The input column holds real prompts — pulled from production logs, edge cases users actually hit, or cases you know have tripped up the model before. The expected column holds what “good” looks like: an exact answer, an acceptable shape, or a rule.

Start with 20 real, hard cases. Twenty genuine cases with known tricky behavior beat a thousand synthetic happy-path examples. As your system ships, every production failure becomes a new row. The eval gets sharper the more it runs in the wild.

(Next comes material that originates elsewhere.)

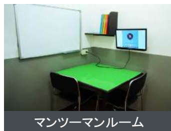
マンツーマンルーム

Step 2 — Choose a grader per criterion

Not every output can be judged the same way. Match the grader to the criterion:

Grader types by output kind
────────────────────────────
Exact match      → factual recall, deterministic answers
Schema valid     → JSON/XML structure checks
Rule-based       → regex, numeric range, word-count limits
LLM as judge     → fluency, tone, helpfulness, open-ended quality

Use one grader per criterion. A single output can have multiple criteria (and therefore multiple graders), but mixing graders for a single criterion just makes debugging harder.

Step 3 — Run and score

Execute your app against every row in the dataset. Each row resolves to a pass or a fail. Tally them up:

46 / 50 rows passed  →  92 %

Now “good” is a number. You can track it over time, diff it between commits, and set a threshold.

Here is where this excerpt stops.